We undertook an announced comprehensive inspection on Wednesday 30 March 2016. We gave the provider 48 hours’ notice of our intention to undertake an inspection. This was because the organisation provides a domiciliary care service and we needed to be sure that someone would be at the agency office that could assist us with the inspection. This service was registered by CQC on 12 October 2015 and this was the first inspection for this location.Able Carers York/Harrogate is registered to provide personal care for people with a range of varying needs including dementia, learning disabilities or autistic spectrum disorder, mental health, older people, physical disability, sensory impairment and younger people who live in their own homes.
At the time of our inspection, 76 people received a personal care service. The service provides domiciliary care and support services from the registered office location, on the outskirts of York.
The registered provider is required to have a registered manager in post and on the day of this inspection, there was a registered manager registered with the Care Quality Commission (CQC). A registered manager is a person who has registered with the CQC to manage the service. Like registered providers, they are “registered persons’. Registered persons have legal responsibility for meeting the requirements in the Health and Social Care Act 2008 and associated regulations about how the service is run.
People who used the service told us they felt safe and we found that care workers knew how to protect people from avoidable harm. Risk assessments and risk management plans were in place and they were regularly reviewed and updated in line with the person’s needs.
Accidents and incidents were appropriately investigated and recorded with clear details of investigations and actions taken to help prevent re-occurrence.
The registered provider had a robust recruitment process in place including sufficient checks to help ensure that the care workers recruited were considered suitable to work with vulnerable people. We saw care workers underwent an induction programme followed by a supervised introduction to people. People told us they received consistent care from care workers who they knew.

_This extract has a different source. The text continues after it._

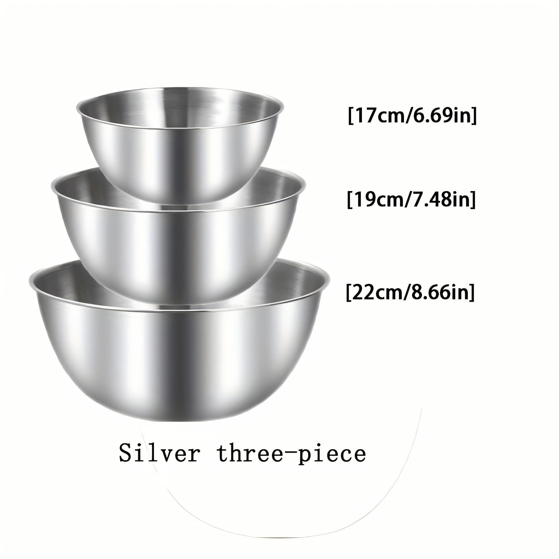 Set of 3 Stainless Steel Mixing Bowls Kitchen Food Prep Durable Durable

Where people required support with their medication this was provided appropriately. Risk assessments were completed and training provided to care workers to help them ensure that they followed the agency’s policies and procedures. Care plans included protocols for medicines, which were prescribed for people with specific conditions.
Care workers told us they felt well supported and we saw good communication and relationships between care workers, management, people who used the service and outside agencies such as the local authority and health workers.
The registered provider had a training plan in place and we saw that this was managed and recorded electronically to ensure that they had the up to date skills they needed to carry out their duties effectively. Competencies were annually reviewed. Training included safeguarding, moving and handling, medicine management and health and safety. Person centred training was provided for care workers to meet people’s individual needs and included diabetes, dementia and Parkinson’s disease.
Training was available for care workers in the Mental Capacity Act 2005 and the registered provider had a policy in place. Care workers had a basic understanding of the MCA and they understood the importance of people being supported to make decisions for themselves.
The registered manager told us care workers do not receive training in the Mental Health Act. They told us they refer any concerns or changes in people’s behaviour to the Community Mental Health Team (CMHT). They told us they were looking at further training for care workers in mental health awareness.
People received support with eating and drinking. Support was varied dependent on their individual circumstances. Appropriate professional advice was identified where necessary to ensure people’s health needs were supported.
People told us that the service was responsive to their needs. We saw that care plans were person centred and focused on the individual needs of the person being supported. They included peoples’ preferences, likes and dislikes. All of the people we spoke with confirmed that they had been involved in discussions regarding their care.
The registered provider had a compliments and complaints policy and procedure. People said they were confident in raising concerns. Each person was given a copy of the complaints procedure. People told us that complaints were listened to and resolved. Care workers told us they knew how to complain and that they were confident any complaints would be listened to and acted on.
We saw that the registered provider worked effectively with external agencies, other health, and social care professionals to provide consistent care to a high standard for people. This ensured that they were responsive to people’s changing needs.
New care workers had undertaken training in end of life care. The registered provider had a schedule of training planned for April 2016 so all care workers were able to support people with their wishes and preferences and ensure that people were treated with dignity, comfort and respect at the end of their life.
People and care workers we spoke with told us they thought highly of the management and told us they were happy with the way the service was managed. The registered manager understood how to meet the conditions of their registration with the Care Quality Commission (CQC).